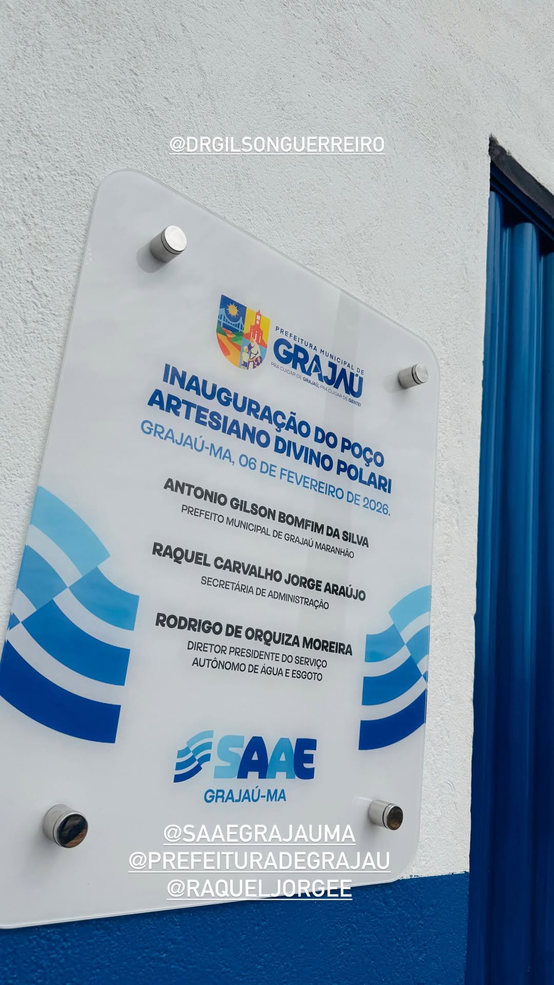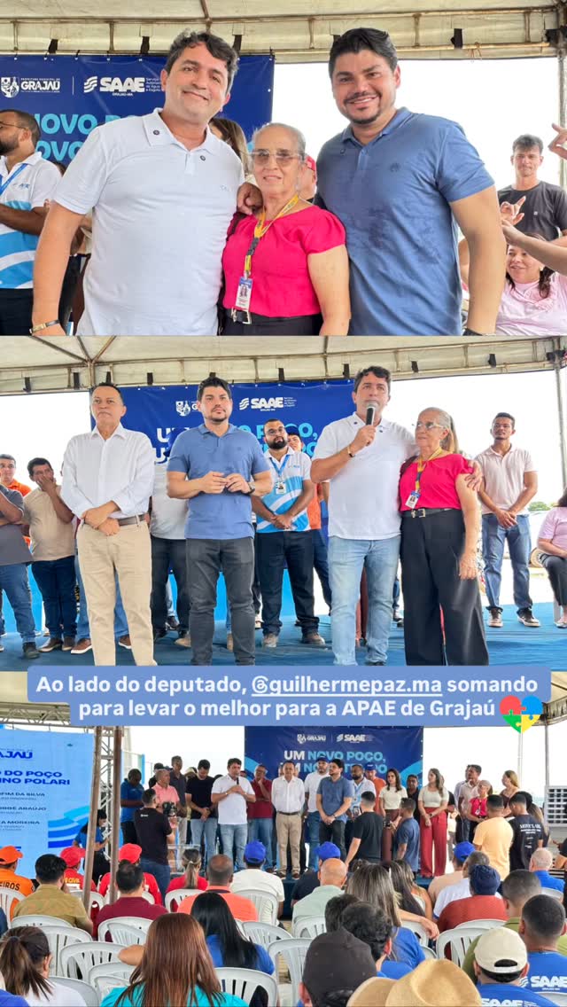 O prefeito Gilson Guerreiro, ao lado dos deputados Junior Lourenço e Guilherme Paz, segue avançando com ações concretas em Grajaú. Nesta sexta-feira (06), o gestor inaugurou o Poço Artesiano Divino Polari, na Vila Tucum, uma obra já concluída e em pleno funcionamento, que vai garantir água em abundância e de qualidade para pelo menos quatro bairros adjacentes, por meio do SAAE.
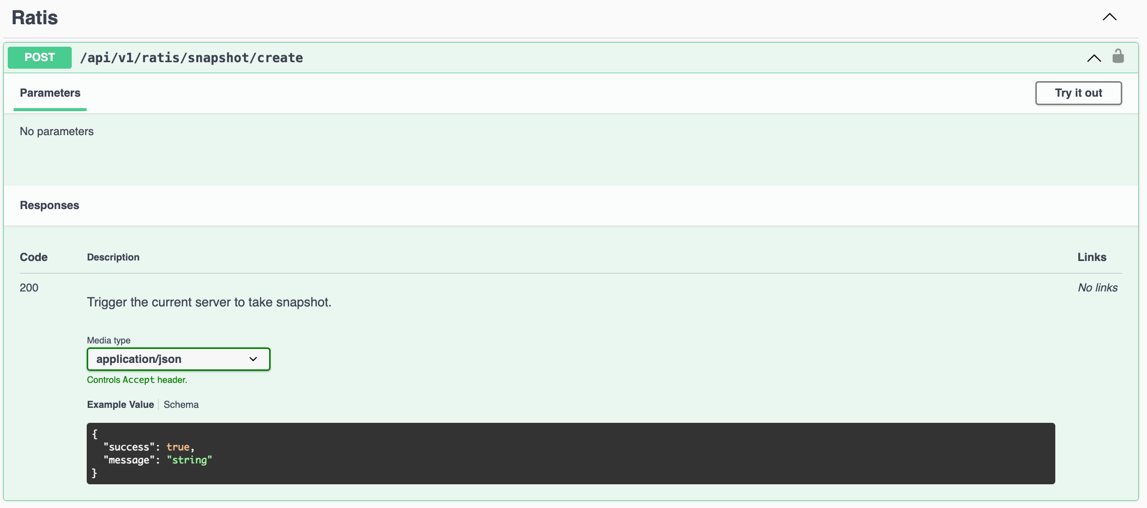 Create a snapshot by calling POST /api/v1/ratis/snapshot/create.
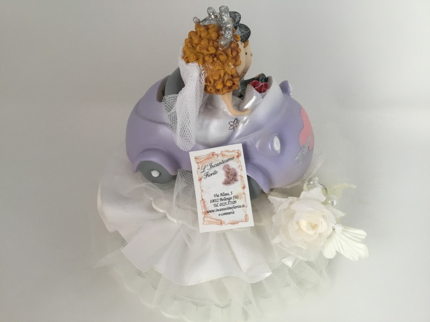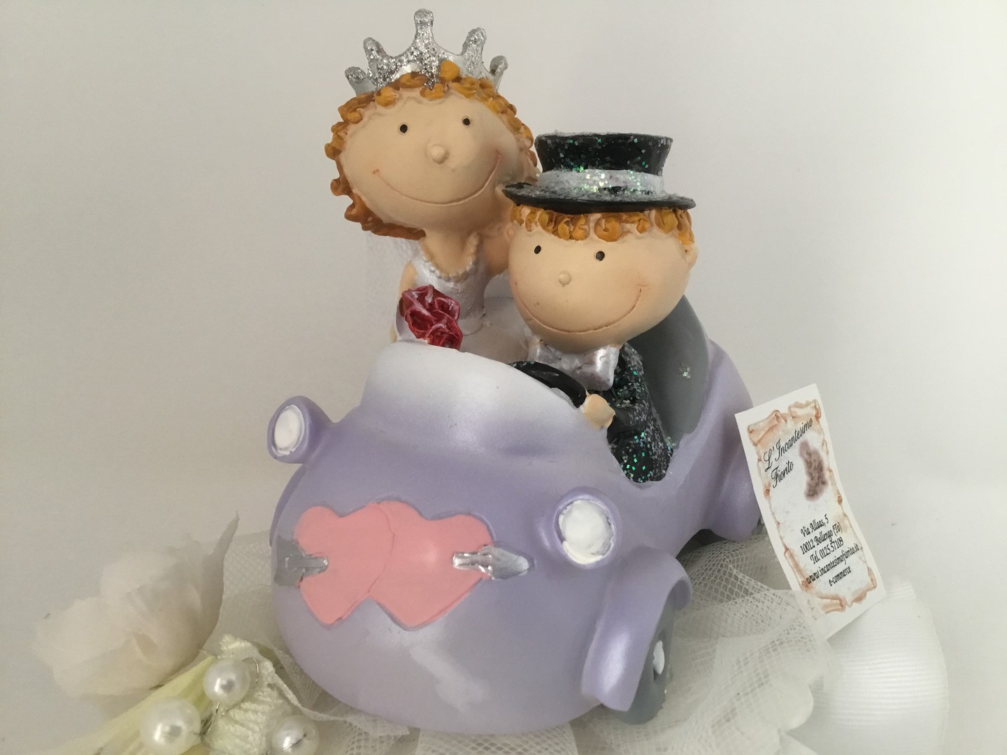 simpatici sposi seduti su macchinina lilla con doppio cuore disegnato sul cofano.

PROBLEM TO SOLVE
Copy each line above exactly, with no images.

OUTPUT FOR THIS EXERCISE
 O prefeito Gilson Guerreiro, ao lado dos deputados Junior Lourenço e Guilherme Paz, segue avançando com ações concretas em Grajaú. Nesta sexta-feira (06), o gestor inaugurou o Poço Artesiano Divino Polari, na Vila Tucum, uma obra já concluída e em pleno funcionamento, que vai garantir água em abundância e de qualidade para pelo menos quatro bairros adjacentes, por meio do SAAE.
 Create a snapshot by calling POST /api/v1/ratis/snapshot/create.
 simpatici sposi seduti su macchinina lilla con doppio cuore disegnato sul cofano.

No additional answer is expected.